Aku juga suka dengan persahabatan antara Chris dan Milo. Walaupun ada
‘jarak’ masing-masing sehingga mereka berjauhan tetapi mereka tetap saling
merangkul saat kesulitan.

I love Milo, but Art…sosok paling terkenang di buku ini.

Novel ini, memakai sudut pandang Chris, yang sangat aku suka ialah, aku
jadi tahu apa yang persis Chris rasakan saat melihat kedua orangtuanya,
kedekatannya dengan Milo dan juga Art.

Cerita ini bener-bener rekomen buat kalian, sedihnya tuh dapet banget.
Moral valuenya juga ada.

Dan oh ya, ada yang sudah menonton film posesif di bioskop? Dan, entah
kenapa aku seperti menonton film Someday disana. Keposesifan Yudhis di film
posesif hampir sama dengan Art, lalu Lala di film posesif yang baru pertama kali
jatuh cinta dan juga seorang atlet renang di sekolahnya sama seperti Chris,
membuat aku merasakan persamaan yang dalam pada film itu.
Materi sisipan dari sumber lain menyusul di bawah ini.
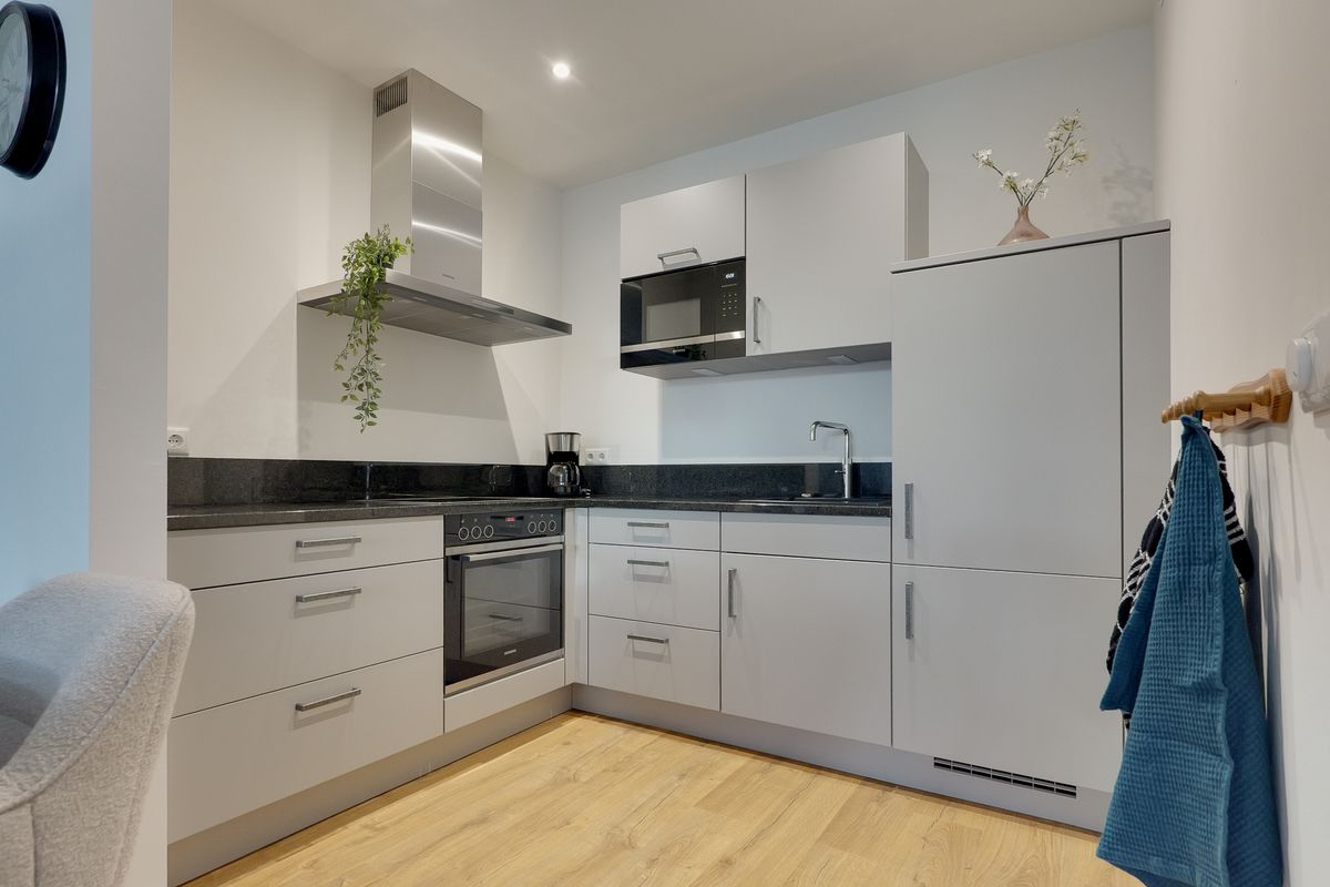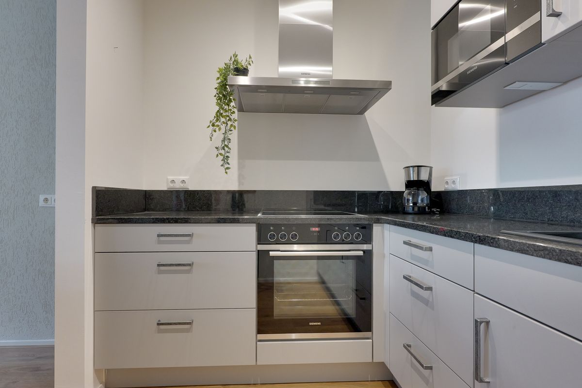 Entree/hal met video-/intercomsysteem, garderobe, kast met wasmachine-aansluiting en elektrische boiler, toegang tot de zonnige, sfeervolle woonkamer van ca. 29 m² met prachtig vrij uitzicht en een open keuken met Siemens inbouwapparatuur, waaronder een oven, magnetron, inductiekookplaat, afzuigkap, koel-vriescombinatie en Quooker. Ook is er toegang tot het balkon/loggia van ca. 6 m² en de ruime slaapkamer van ca. 16 m² met veel daglicht, aangrenzend is de moderne badkamer met wastafelmeubel, ruime inloopdouche en hangtoilet. Deze ruimte is tevens vanuit de hal bereikbaar.

Atau cuma aku yang merasakan persamaan itu?

Terimakasih kak Winna Efendi telah memperkenalkan aku dengan sosok


Chris, Art dan Milo. Aku menjadi belajar suatu hal yang berharga dalam hidup
bahwa semua akan baik pada akhirnya, semua akan indah pada waktunya.
But it’s okay; maybe not today, but someday.